Democrats see Trump’s Nevada trip as an opening to focus on immigration

Posted at 3:17 PM, Jun 23, 2018
and last updated 2018-06-23 15:17:09-04

President Trump speaks about immigration on June 22, 2018.

President Donald Trump is in Las Vegas on Saturday – and Democrats are thrilled about it.

With the nation focused on Trump’s policy that’s resulted in children being separating from their parents at the border, the efforts to undo that practice and the congressional struggle to advance an immigration bill, Trump is traveling to a crucial state where immigration is at the forefront of the political debate.

Nevada’s population is 28 percent Latino – and even higher than that in Clark County, the home of Las Vegas and the source of the vast majority of Democratic votes in the state. And with powerful labor groups like the Culinary Union and a political machine built by former Senate Majority Leader Harry Reid, Democrats here are organized.

“Donald Trump cannot come to Nevada and demonize immigrants,” said Steven Horsford, a Democratic former congressman running against Republican Cresent Hardy in southern Nevada’s 4th District.

“Nevadans won’t accept it, and it’s a large part why Trump did not win in Nevada in 2016 – because Nevadans could not stomach the divisiveness and attacks on immigrants,” Horsford added.

Nevada, a swing state in presidential years that Hillary Clinton won in 2016, is among the most important states in this year’s midterm elections, with a Senate seat, the governor’s office and two competitive House races on the ballot.

Trump’s visit is scheduled to include a speech at the state GOP’s convention, a fundraiser for Sen. Dean Heller – the nation’s most endangered Republican incumbent senator in November’s midterms – and a roundtable discussion on tax restructuring.

Democrats will be counter-programming with their own state convention in Reno, featuring Sen. Elizabeth Warren of Massachusetts and highlighting the party’s Senate candidate challenging Heller, U.S. Rep. Jacky Rosen.

Warren will also stop in Henderson, near Las Vegas, for an evening event with Sen. Catherine Cortez Masto.
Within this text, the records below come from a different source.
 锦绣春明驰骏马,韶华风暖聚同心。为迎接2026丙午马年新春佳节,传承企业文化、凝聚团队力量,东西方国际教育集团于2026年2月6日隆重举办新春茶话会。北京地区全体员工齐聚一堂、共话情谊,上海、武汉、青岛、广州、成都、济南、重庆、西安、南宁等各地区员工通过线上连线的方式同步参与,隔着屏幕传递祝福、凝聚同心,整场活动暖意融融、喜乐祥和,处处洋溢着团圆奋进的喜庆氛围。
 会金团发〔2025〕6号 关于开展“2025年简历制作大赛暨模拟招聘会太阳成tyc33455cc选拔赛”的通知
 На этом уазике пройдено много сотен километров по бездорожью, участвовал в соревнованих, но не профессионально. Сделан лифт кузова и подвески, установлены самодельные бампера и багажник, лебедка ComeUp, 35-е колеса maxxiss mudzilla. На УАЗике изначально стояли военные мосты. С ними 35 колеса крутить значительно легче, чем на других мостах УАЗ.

Democrats say they’ll use the day in part to highlight the Trump administration’s practice of separating children from their parents at the border after they’ve entered the US illegally, and the failure of the Republican-controlled Congress to pass an immigration bill that protects the young undocumented immigrants – sometimes called DREAMers – who had been protected from deportation under former President Barack Obama through the Deferred Action for Childhood Arrivals program, which Trump ended.
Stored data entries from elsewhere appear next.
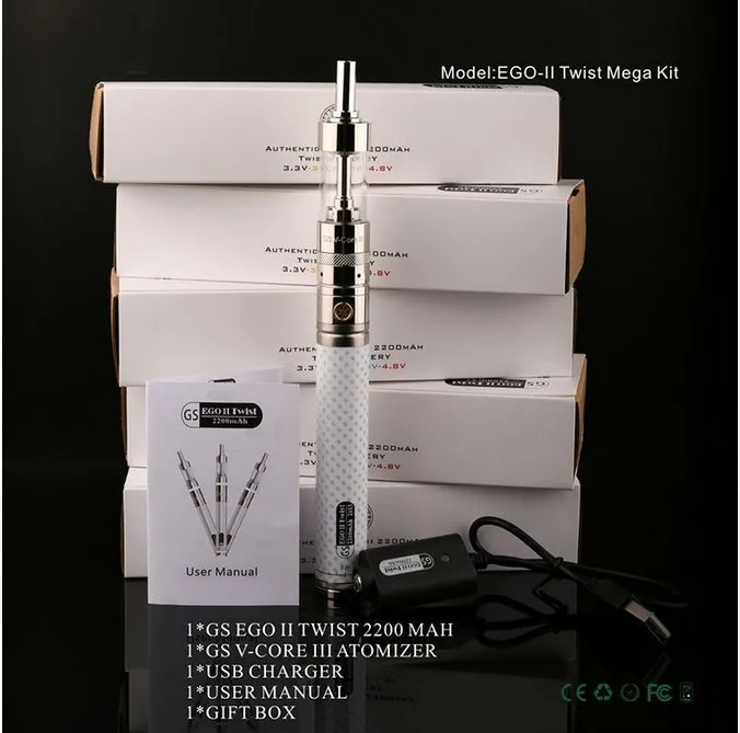 Main Features : Newest Portable Vaporizer e cigarette GS eGo II Twist Mega Kit Carbon fiber 2200mah eGo twist battery Electronic Cigarette
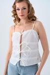 Yetişkin kadınlar için tasarlanmış olan bu bluz, beyaz rengiyle her türlü kombinle uyum sağlar.
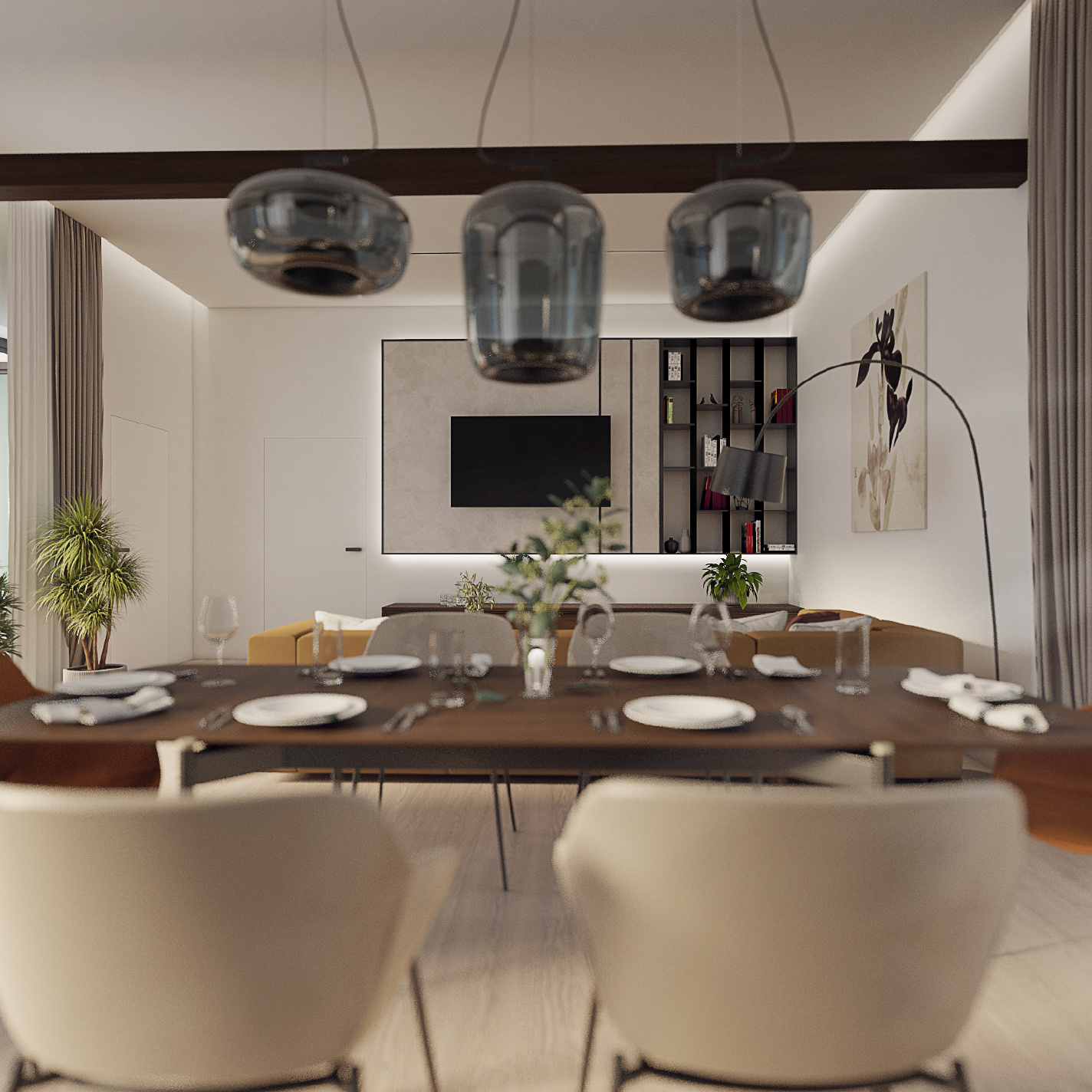 Velkorysý prostor s vysokými stropy měla obsadit kuchyň, jídelna a obývací pokoj. Klientka architektky Alexandry Kaščakové přišla s představou hnědé kuchyně a určila tím barevné ladění celé místnosti. Vzhledem k tmavšímu odstínu kuchyně zvolila architektka světlou podlahu, která prostor rozsvítila. Jednotného působení se docílilo pomocí zemitých odstínů, které si s hnědou kuchyní dobře rozumí, a okrové barvy. Ta se spolu s černou a hnědou stala dominantou prostoru. Namísto původně zvažovaného zakrytí trámů se jejich přítomnost zdůraznila tmavým nátěrem, který nachází odezvu na jídelním stole. O stupínek světlejší dlažba v imitaci kamene se objevuje nejen na lince a obložení krbu, ale také na hodinách vytvářených na míru. Výsledkem je výjimečně elegantní prostor, který působí hřejivým dojmem.
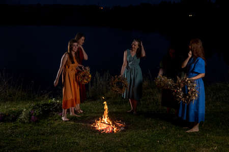 Lovely girls by the fire at night. Ancient pagan origin celebration concept. Night of Ivan Kupala.
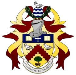 Upon a mount between two branches of oak proper, a fountain thereon a pigeon proper. EscutcheonOr, a chevron engrailed gules between two pigeons argent in chief and an uprooted oak tree in base proper; atop, a chief azure under a cross flory argent between two open books proper binding. MottoSALUBRITAS ET ERUDITIO |
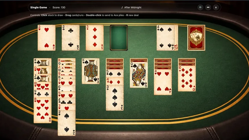Solitaire Nights is a premium, standalone solitaire card game for PC and Mac, featuring smooth gameplay, atmospheric music, competitive scoring, and a refined desktop experience—designed for focused, relaxing play without ads or interruptions.
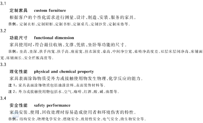 在術(shù)語和定義中首次明確了“定制家具”、“功能尺寸”、“理化性能”、“安全性能”的定義,解決了定制家具市場中定制概念術(shù)語不統(tǒng)一的問題。
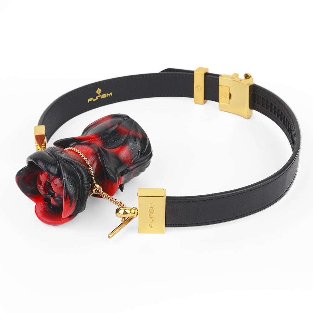 Im Gegensatz zu herkömmlichen Knebeln, die oft rein funktional sind, kann dieser rosenförmige Mundknebel auch als dekoratives Accessoire dienen und sich nahtlos in das Gesamtoutfit des Trägers integrieren. Er ist perfekt für alle, die BDSM-Funktionalität mit hochwertiger Modeästhetik verbinden möchten.
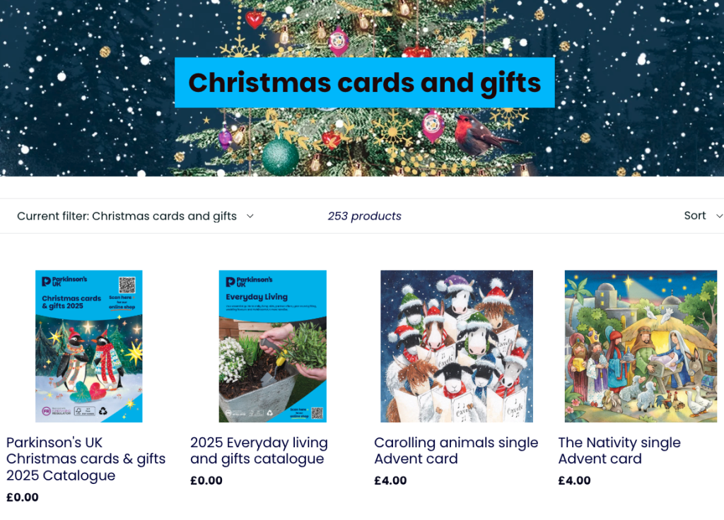 They run an online shop selling charity merchandise and a curated range of Christmas cards and gifts each year. All profits go directly to continue their work supporting everyone living with Parkinson’s and their families, friends and carers.
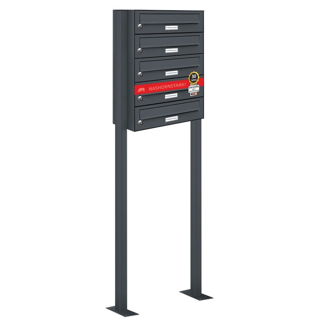 AL Briefkastensysteme 5 Fächer Premium Stand Briefkasten Anlage in RAL 7016 Anthrazit Grau, Post A4, robust, wetterfest, Artikelnummer: 132P5S1P7016
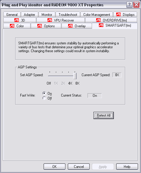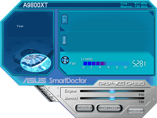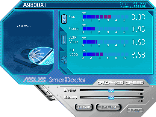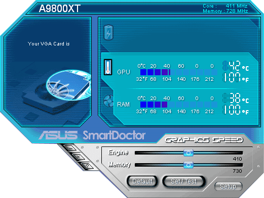 Теперь вернемся к RADEON 9800 XT. Как я выше уже сказал, эта карта поддерживает аппаратный мониторинг состояния, который реализован через фирменную утилиту ASUS SmartDoctor:

Trump signed an executive order Wednesday intended to end the family separations but it’s unclear how families already divided will be reunited.

Heller previously said he doesn’t support the family separations but that it was up to Congress, rather than Trump, to halt them.

Heller “really could hold the President accountable,” Rosen deputy campaign manager Mariela Hernandez said. “They’re going to spend a lot of time together, and this would be an opportunity for Sen. Heller to really stand up on this issue and say, ‘This is not right and the President needs to do something about it.'”

Rosen and Cortez Masto are planning trips Monday to tour separate detention facilities in Texas. Rosen has also released a Spanish-language television ad airing during the World Cup that highlights the family separations on the border.

“Jacky Rosen is the Democratic congresswoman who is not afraid to stand up to Trump, fight for a path for Dreamers toward a secure future and against Trump’s dirty game of separating mothers from their children,” the ad says.

“For Nevada, the issue of immigration is a big one,” Hernandez said. “A lot of the families here are mixed-status families – you have parents who may be U.S. citizens, or one of them is. Children who are born here, but their sibling is a DACA recipient.”

Heller and Hardy’s campaigns did not respond to requests for interviews or comment.

A spokesman for Republican Danny Tarkanian, who is facing Democratic philanthropist Susie Lee in Nevada’s 3rd District House race, declined to comment.

Democrats, meanwhile, say their opponents have been far too slow to challenge Trump – particularly this week.

“Honestly, I’ve heard more from people who are not immigrants who are as disgusted and discouraged by the events that are taking place and tearing families apart as anyone else,” Horsford said. “So this is an issue that crosses demographic lines; it crosses party lines. It goes to the core of who we are as human beings.”